Koalas are getting functionally extinct after the massive bushfires in Australia and it’s the saddest news of November. According to the Australian Koala Foundation (AKF) there are no more than 80,000 animals are left living in the wild, which leaves the species functionally extinct. The term means that their population declined to a point, where they can no longer play a significant role in their ecosystem. Koala numbers are declining rapidly and there seems to be no change in stopping this process. The main cause of their disappearance can be traced back to two things: climate change and extensive deforestation as a result of urbanization and uncontrolled habitat destruction.

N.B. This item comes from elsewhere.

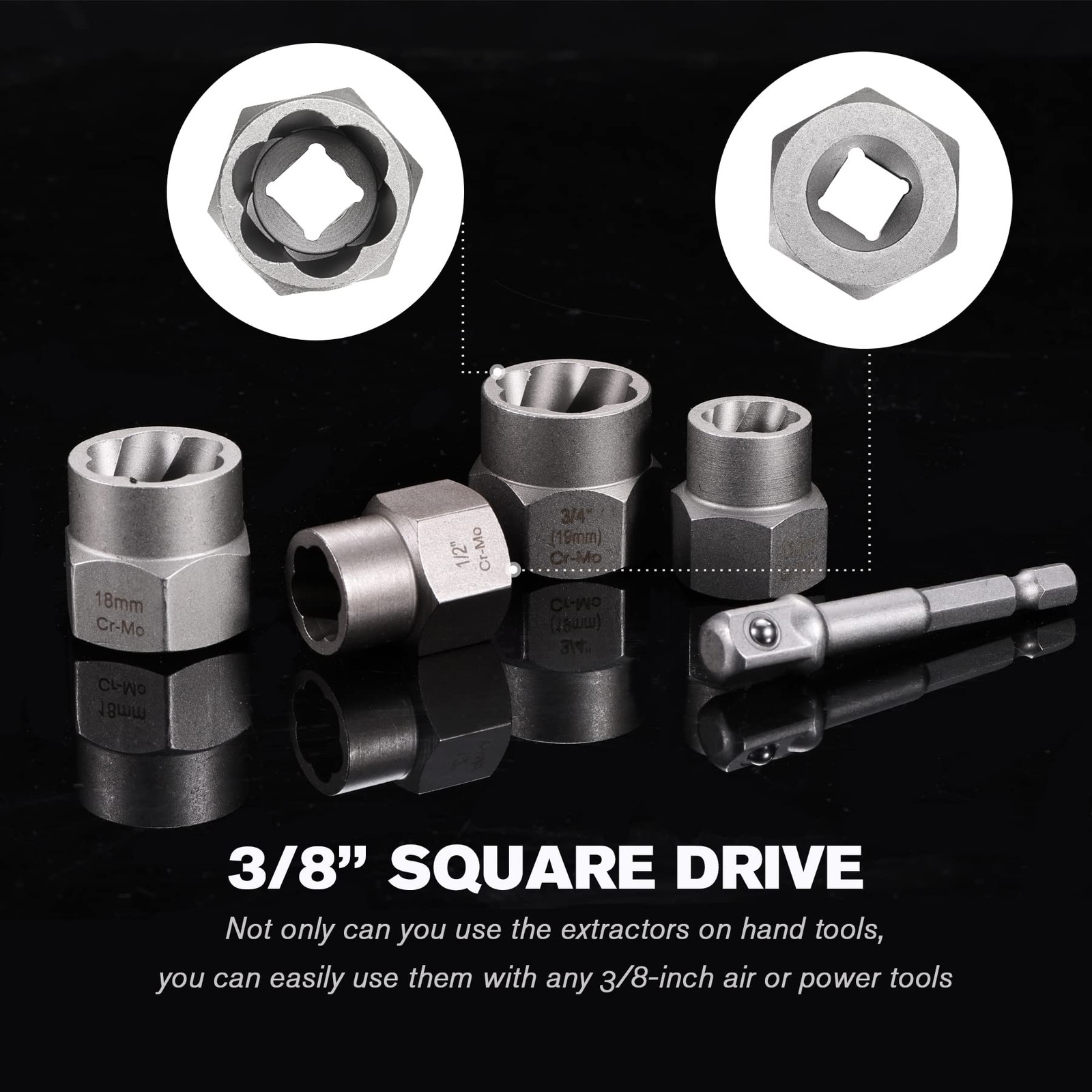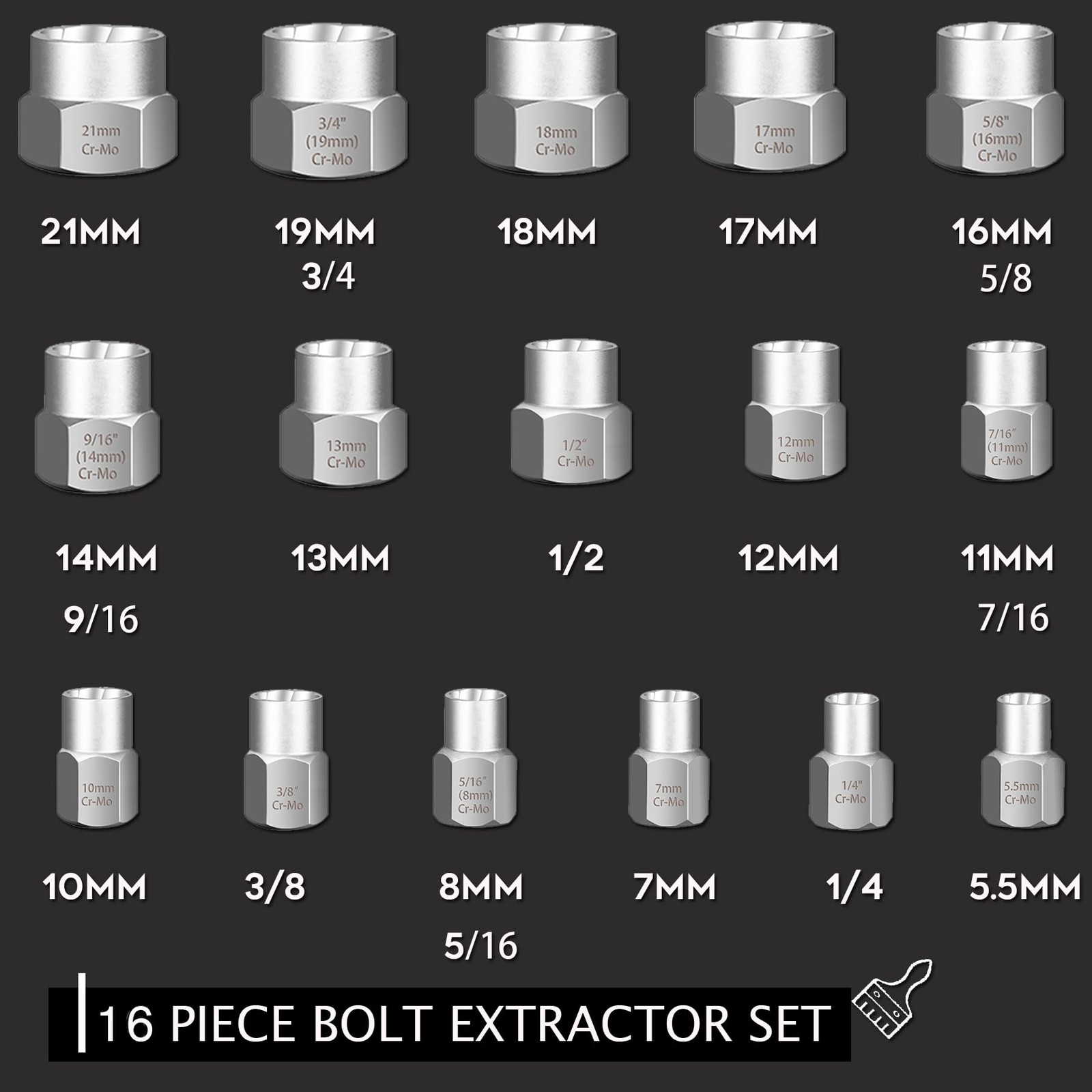 41-Piece Bolt Extractor Screw Extractor Set and Stripped Screw Remover 41 Piece Screw & Nut Remover Kit- Including 10-piece spiral screw extractors: 1#, 2#, 3#, 4#, 5#, 6#, 7#, 8#, 9#, 10#, 10-pieces HSS drill bits:Ex#1, Ex#2, Ex#3, Ex#4, Ex#5, Ex#6, Ex#7, Ex#8,Ex#9, Ex#10 and 13-piece bolt nut remover set: 21mm, 19mm(3/4") , 18mm, 17mm, 5/8" ( 16 mm ), 9/16" ( 14mm ), 13mm, 1/2", 12mm, 7/16" ( 11mm ), 10mm, 3/8", 5/16" ( 8mm), 7mm, 1/4" and 4-piece adapter. Solid Carrying Case for Storage - 41 pieces tools are all packed in a rugged, compact carry case for storage and portability. Each tool fits snugly into its respective place to prevent moving around and scraping. Easy to use:Suitable for both power tools and hand tools,high density spiral design helps faster removing broken screws, bolts, nuts, studs, fittings, threaded pipes and pins. Clear lettering-the size is engraved on the socket for easy identification,chamfered bit ensures a smooth fit onto fasteners. Whether it's for car maintenance or daily use, it can provide you with great convenience.

To honor those little survivors, I put together a visualization from the KoalaBASE maintained by the Queensland Government in Tableau. They are collecting koala sightings since 1996. I used the hospital data for my viz, where we can track how many of them were registered seen and if they were dead, injured, sick or under threat. Lots of koalas were mentioned by name, it turned out, that Wilvo was the most popular among them in the past 10 years, spotted 47 times. The online version of the dashboard is available here on the Tableau Public portal.

I used a custom radial bar chart to show the koala sightings by year followed by the instructions of the SuperDataScience team, for which I had to duplicate my data (and pay attention to limit it on all other visuals). I thought it would be best if I would highlight the last year somehow, so that’s where my favorite yellow color stepped into the picture. With the forced bubble chart inside it looks more like a nuclear fission than koala spottings, but I loved it so much that it had to stay. For the map, I only wanted to show the Oceania region to keep the looks simple, so I used an easy shapefile filtering trick in Mapbox to do that. Parameters for sighting category, percentile & top N selection can be modified by clicking on the hamburger menu.